--- About this exercise ---
Read the entries below and pull out each line with the string "ohne".

--- Dataset content ---
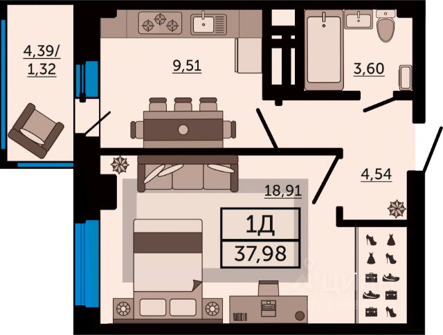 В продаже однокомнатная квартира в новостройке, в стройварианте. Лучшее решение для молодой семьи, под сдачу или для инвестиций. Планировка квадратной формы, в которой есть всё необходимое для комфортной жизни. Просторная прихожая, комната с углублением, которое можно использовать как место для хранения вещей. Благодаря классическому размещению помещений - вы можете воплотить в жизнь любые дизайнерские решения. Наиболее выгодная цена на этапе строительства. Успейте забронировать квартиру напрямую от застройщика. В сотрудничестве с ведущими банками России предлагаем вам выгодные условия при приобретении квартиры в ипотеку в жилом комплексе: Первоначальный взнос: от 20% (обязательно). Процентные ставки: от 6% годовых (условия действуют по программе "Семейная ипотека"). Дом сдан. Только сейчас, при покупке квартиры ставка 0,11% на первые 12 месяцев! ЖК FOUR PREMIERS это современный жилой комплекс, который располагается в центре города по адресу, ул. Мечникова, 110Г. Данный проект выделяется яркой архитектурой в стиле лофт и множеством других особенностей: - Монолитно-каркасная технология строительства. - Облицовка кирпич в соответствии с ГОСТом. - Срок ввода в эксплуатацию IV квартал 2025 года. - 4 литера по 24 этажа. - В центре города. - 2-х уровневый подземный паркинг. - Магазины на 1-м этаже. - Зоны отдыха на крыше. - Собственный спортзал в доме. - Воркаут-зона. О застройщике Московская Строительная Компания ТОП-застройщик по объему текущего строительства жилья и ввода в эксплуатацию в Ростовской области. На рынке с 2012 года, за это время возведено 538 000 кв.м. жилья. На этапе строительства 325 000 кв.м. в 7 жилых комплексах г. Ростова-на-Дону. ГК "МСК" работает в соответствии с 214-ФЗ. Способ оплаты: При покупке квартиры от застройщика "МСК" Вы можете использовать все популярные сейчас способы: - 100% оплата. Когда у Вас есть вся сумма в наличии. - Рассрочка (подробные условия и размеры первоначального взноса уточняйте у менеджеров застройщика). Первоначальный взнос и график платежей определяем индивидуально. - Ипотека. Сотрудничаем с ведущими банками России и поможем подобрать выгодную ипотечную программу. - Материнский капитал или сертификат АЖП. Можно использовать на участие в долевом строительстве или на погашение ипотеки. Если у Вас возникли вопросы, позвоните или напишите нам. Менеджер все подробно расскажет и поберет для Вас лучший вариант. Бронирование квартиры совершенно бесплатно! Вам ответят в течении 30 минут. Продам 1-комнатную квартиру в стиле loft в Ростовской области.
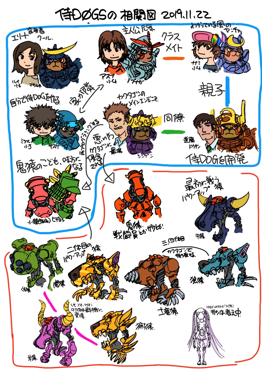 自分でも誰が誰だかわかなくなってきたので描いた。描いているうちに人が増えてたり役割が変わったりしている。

==

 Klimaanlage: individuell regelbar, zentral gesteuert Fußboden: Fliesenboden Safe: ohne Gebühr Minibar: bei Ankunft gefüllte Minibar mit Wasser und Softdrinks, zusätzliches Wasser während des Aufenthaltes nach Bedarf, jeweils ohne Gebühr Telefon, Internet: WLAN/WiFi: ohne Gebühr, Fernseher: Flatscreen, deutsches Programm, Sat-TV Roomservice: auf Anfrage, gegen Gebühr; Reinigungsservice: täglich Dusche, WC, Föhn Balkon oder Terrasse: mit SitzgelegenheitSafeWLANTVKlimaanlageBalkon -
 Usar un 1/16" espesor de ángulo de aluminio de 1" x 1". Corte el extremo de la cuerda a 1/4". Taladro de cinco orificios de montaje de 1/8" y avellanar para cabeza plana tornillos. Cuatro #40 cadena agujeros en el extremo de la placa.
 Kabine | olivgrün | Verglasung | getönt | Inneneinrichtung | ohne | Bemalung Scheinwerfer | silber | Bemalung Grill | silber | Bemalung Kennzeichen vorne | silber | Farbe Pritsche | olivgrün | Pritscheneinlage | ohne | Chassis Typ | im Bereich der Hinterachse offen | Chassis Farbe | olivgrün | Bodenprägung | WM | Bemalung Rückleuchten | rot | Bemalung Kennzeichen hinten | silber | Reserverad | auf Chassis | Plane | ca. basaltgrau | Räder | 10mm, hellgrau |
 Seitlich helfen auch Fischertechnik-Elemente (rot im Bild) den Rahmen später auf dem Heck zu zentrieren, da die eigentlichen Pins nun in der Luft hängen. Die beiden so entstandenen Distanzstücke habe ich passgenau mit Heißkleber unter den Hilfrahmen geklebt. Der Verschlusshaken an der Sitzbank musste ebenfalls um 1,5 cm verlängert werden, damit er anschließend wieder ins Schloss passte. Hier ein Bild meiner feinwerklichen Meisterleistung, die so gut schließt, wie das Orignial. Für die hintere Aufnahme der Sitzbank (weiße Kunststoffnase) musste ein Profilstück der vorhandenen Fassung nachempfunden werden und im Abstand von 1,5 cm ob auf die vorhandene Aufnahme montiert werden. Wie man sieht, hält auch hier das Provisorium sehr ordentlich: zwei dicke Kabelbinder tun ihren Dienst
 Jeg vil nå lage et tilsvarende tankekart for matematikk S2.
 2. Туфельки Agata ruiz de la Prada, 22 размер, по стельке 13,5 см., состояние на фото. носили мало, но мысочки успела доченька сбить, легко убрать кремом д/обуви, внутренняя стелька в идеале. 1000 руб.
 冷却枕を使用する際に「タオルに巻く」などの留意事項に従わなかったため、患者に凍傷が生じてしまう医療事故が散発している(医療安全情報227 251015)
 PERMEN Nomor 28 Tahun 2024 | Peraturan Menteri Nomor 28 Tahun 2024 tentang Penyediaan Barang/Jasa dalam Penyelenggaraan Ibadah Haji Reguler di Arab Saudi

---

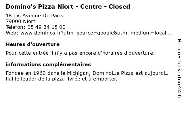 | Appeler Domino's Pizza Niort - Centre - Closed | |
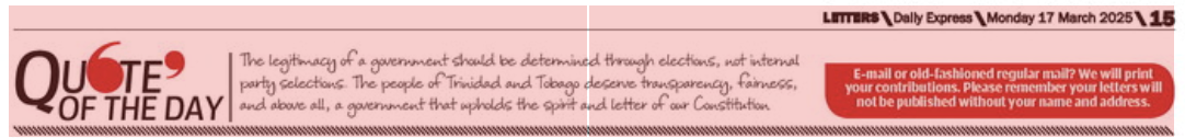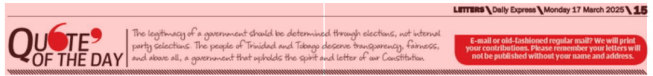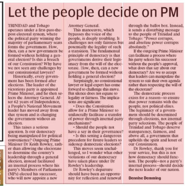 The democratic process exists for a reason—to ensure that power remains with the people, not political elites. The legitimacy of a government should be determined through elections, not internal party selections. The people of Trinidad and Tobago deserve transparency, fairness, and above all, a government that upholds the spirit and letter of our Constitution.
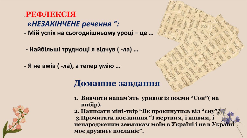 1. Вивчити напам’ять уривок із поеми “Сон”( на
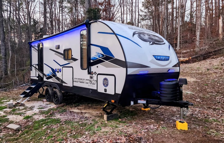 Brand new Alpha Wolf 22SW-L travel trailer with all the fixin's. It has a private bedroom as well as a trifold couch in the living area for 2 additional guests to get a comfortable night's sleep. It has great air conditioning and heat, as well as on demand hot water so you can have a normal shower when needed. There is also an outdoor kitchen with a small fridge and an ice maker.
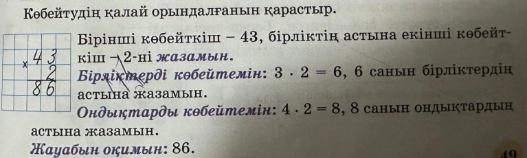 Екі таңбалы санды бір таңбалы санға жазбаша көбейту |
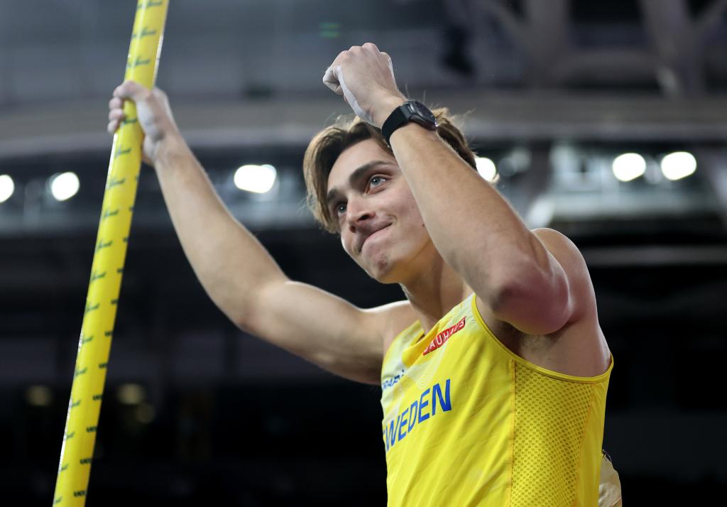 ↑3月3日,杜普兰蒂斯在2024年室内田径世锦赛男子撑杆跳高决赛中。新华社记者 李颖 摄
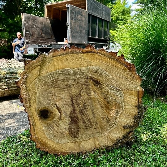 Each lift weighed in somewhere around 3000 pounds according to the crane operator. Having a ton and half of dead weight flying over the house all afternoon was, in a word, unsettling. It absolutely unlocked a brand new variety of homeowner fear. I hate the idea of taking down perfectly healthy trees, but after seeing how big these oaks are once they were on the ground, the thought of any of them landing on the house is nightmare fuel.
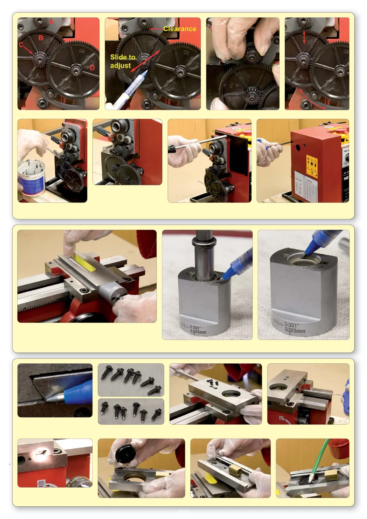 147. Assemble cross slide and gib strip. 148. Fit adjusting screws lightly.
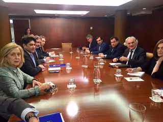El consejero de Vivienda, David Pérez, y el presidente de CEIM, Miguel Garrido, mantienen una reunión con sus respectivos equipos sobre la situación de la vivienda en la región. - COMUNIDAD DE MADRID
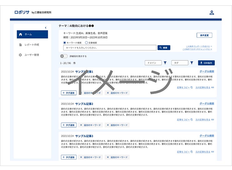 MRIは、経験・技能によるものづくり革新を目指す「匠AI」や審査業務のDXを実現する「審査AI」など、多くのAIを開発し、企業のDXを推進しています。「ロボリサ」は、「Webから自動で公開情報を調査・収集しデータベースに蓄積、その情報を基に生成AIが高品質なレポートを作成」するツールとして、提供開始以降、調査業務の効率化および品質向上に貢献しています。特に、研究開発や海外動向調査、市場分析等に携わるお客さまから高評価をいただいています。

--- Output below ---
 Klimaanlage: individuell regelbar, zentral gesteuert Fußboden: Fliesenboden Safe: ohne Gebühr Minibar: bei Ankunft gefüllte Minibar mit Wasser und Softdrinks, zusätzliches Wasser während des Aufenthaltes nach Bedarf, jeweils ohne Gebühr Telefon, Internet: WLAN/WiFi: ohne Gebühr, Fernseher: Flatscreen, deutsches Programm, Sat-TV Roomservice: auf Anfrage, gegen Gebühr; Reinigungsservice: täglich Dusche, WC, Föhn Balkon oder Terrasse: mit SitzgelegenheitSafeWLANTVKlimaanlageBalkon -
 Kabine | olivgrün | Verglasung | getönt | Inneneinrichtung | ohne | Bemalung Scheinwerfer | silber | Bemalung Grill | silber | Bemalung Kennzeichen vorne | silber | Farbe Pritsche | olivgrün | Pritscheneinlage | ohne | Chassis Typ | im Bereich der Hinterachse offen | Chassis Farbe | olivgrün | Bodenprägung | WM | Bemalung Rückleuchten | rot | Bemalung Kennzeichen hinten | silber | Reserverad | auf Chassis | Plane | ca. basaltgrau | Räder | 10mm, hellgrau |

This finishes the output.